Тиа. А ты куда идешь, Евкрат?

Евкрат. Правду сказать, я иду повеситься.

Тиа. А я, правду сказать, иду утопиться.

Евкрат. Да, больше нам ничего не осталось. Я не обедал вчера, третьего дня, и три дня назад. В копилке ни обола. Никто больше на наши представления не идет. Напрасно глашатай кричит во все горло: “Вот – самые замечательные акробаты всего мира. Чудо Афин! услаждение Александрии! удивление Антиохии! Спешите видеть, за вход – полдрахмы!” Никто и ломаного гроша не хочет заплатить. Старайся себе перед пустыми скамейками.

Тиа. Хозяин наш бежал, все наши товарищи в таком же положении, как и мы. Из этой трущобы, куда демон занес нас, пешком ни до какого города не доберешься. Нет, у меня сил не осталось терпеть такую жизнь.

Евкрат. И подумать, что это ты, Тиа, которую справедливо называют на программах “Женщина-змея”, которая может пролезть в самые узкие оконца, чуть не в игольное ушко. Не умеют люди ценить таланта.

Тиа. И это ты, Эвкрат, названный “Человек-угорь”, умеющий высвободиться, какими бы веревками тебя не связали. Весь народ должен был бы смотреть на тебя, разинув рот, и платить за дивное зрелище не жалкие полдрахмы, а золотом, не ценят в наши дни таланта!

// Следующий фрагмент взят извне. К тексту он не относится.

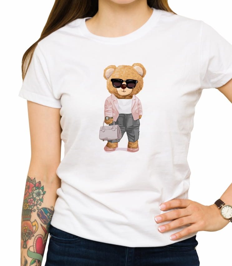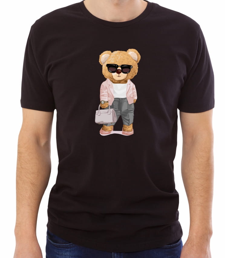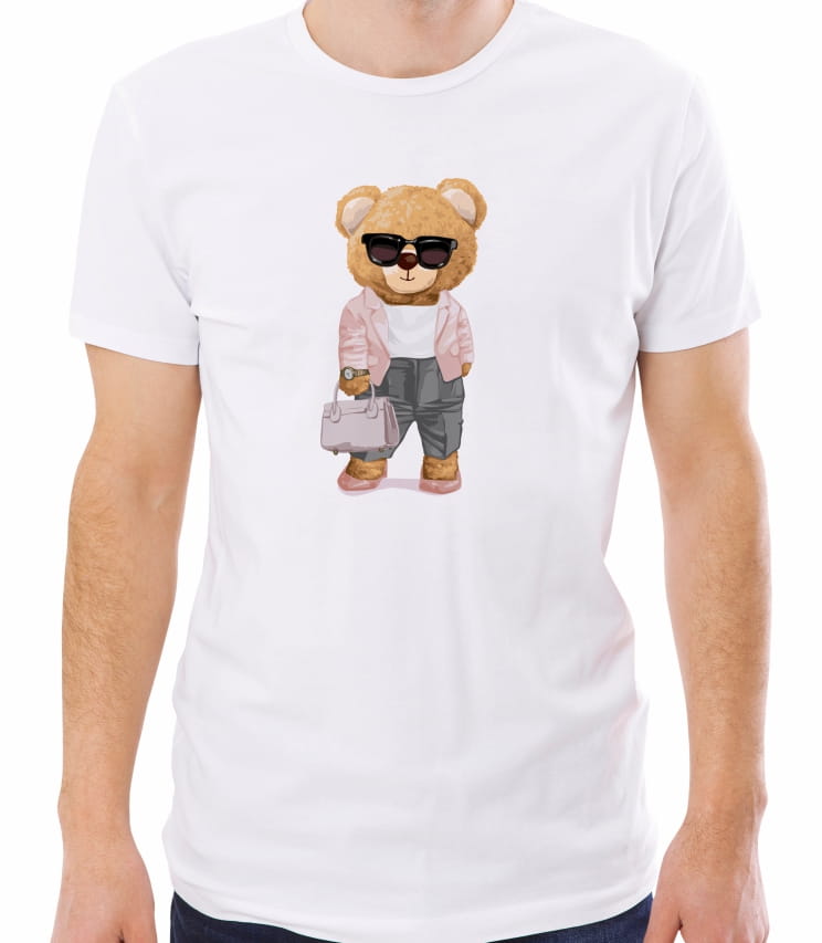 Zabawny T-shirt z niezwykle stylowym pluszowym misiem w ciemnych okularach.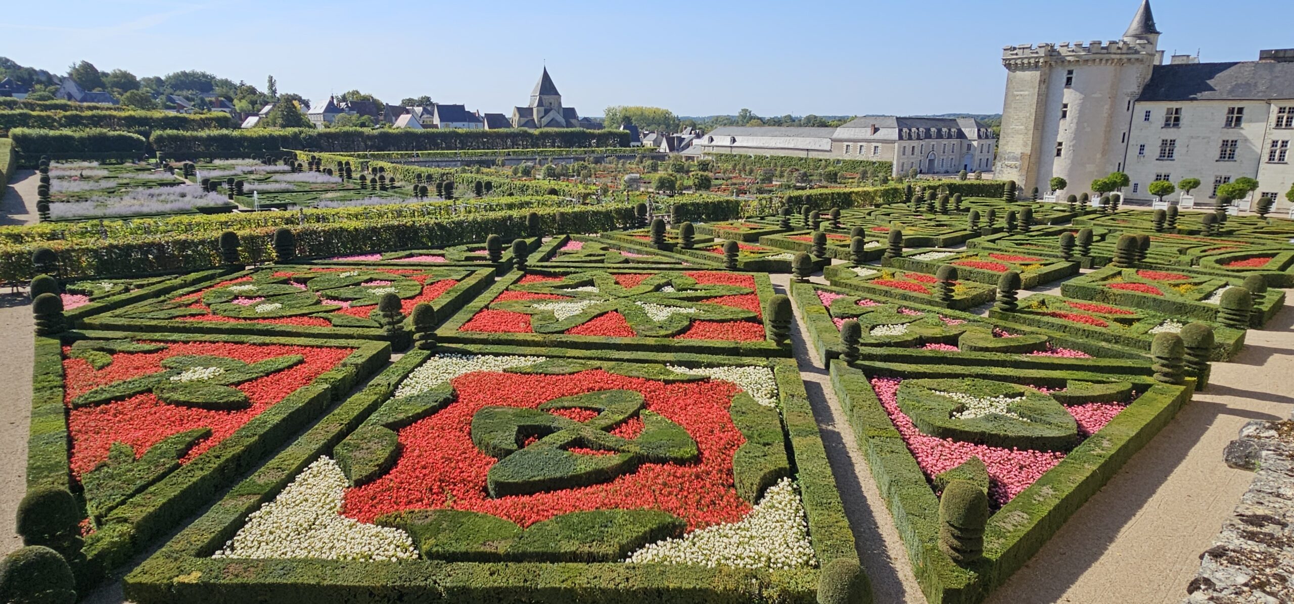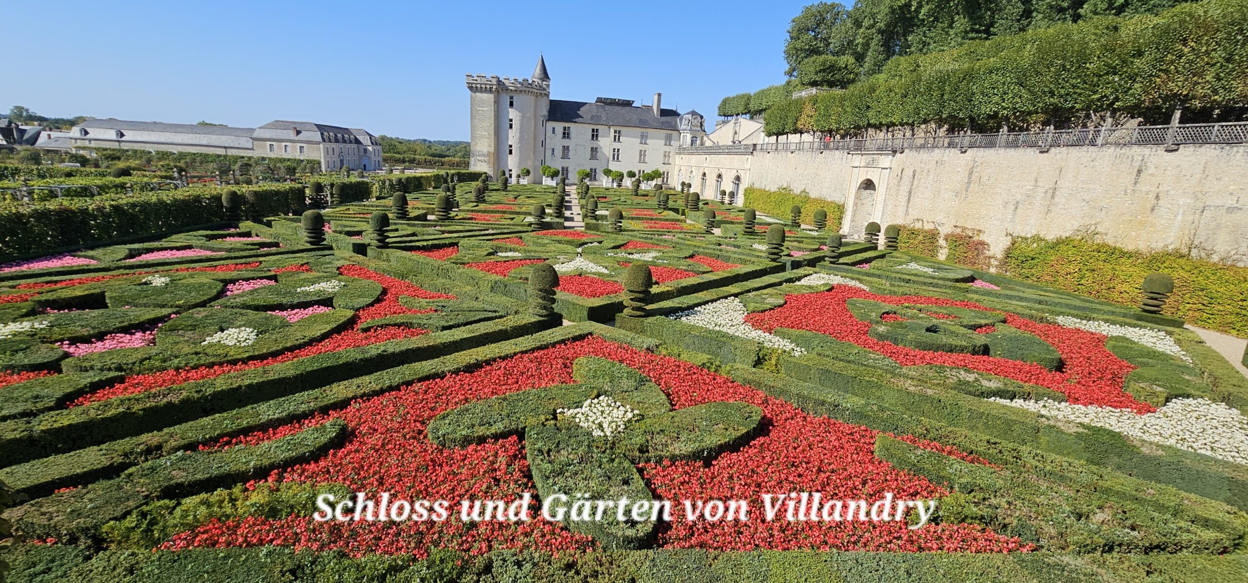 Auch hier sehr beeindruckende Anblicke. Danach Weiterfahrt zum Schloss Villandry mit seinen überaus schönen Gärten. Blumen und Alltagsgemüse, in 9 Quadraten symetrisch angelegt – wahrlich ein sehr schöner Anblick.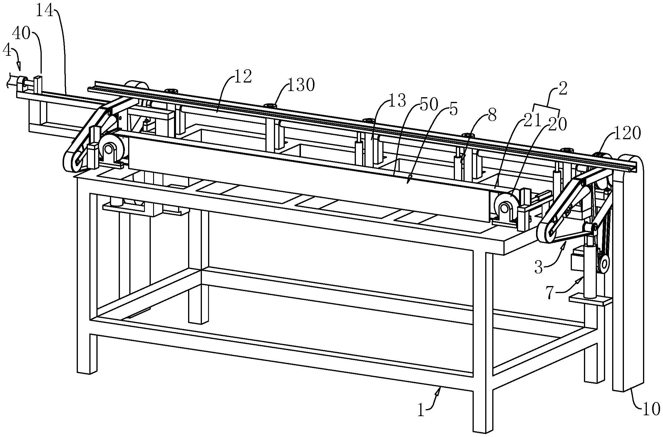 本申请涉及一种生产线龙骨传送机构,包括水平设置的机架,在所述机架上设置有用于带动龙骨沿机架长度方向运动的水平传送件,在所述机架的两端设置有用于带动龙骨沿机架宽度方向抬升的抬升传送件,在机架上位于水平传送件的上游设置有用于推动龙骨沿机架长度方向运动的推动件。本申请具有提高对龙骨传送的稳定性,同时提高龙骨与冲压机对应的精准度的优点。
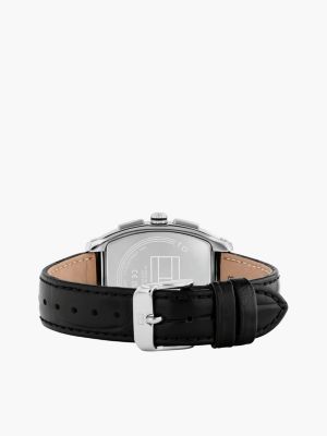 Refine your smart-casual look with this eye-catching watch, which blends a classic leather strap with a matching black square dial.

Евкрат. Но неужели нам ничего-таки не осталось, кроме смерти? Что если бы ты попробовала воспользоваться своим искусством. Есть такие окна, через которые, если только влезть в дом...

Тиа. Нет, Евкрат. Здесь стражи чересчур беспокойные. Помнишь, три дня назад Кратилл стащил всего только пару колбас на рынке. Ведь беднягу в суд не поволокли, а так избили, что он тут же и помер. Лучше уж самому с собой покончить.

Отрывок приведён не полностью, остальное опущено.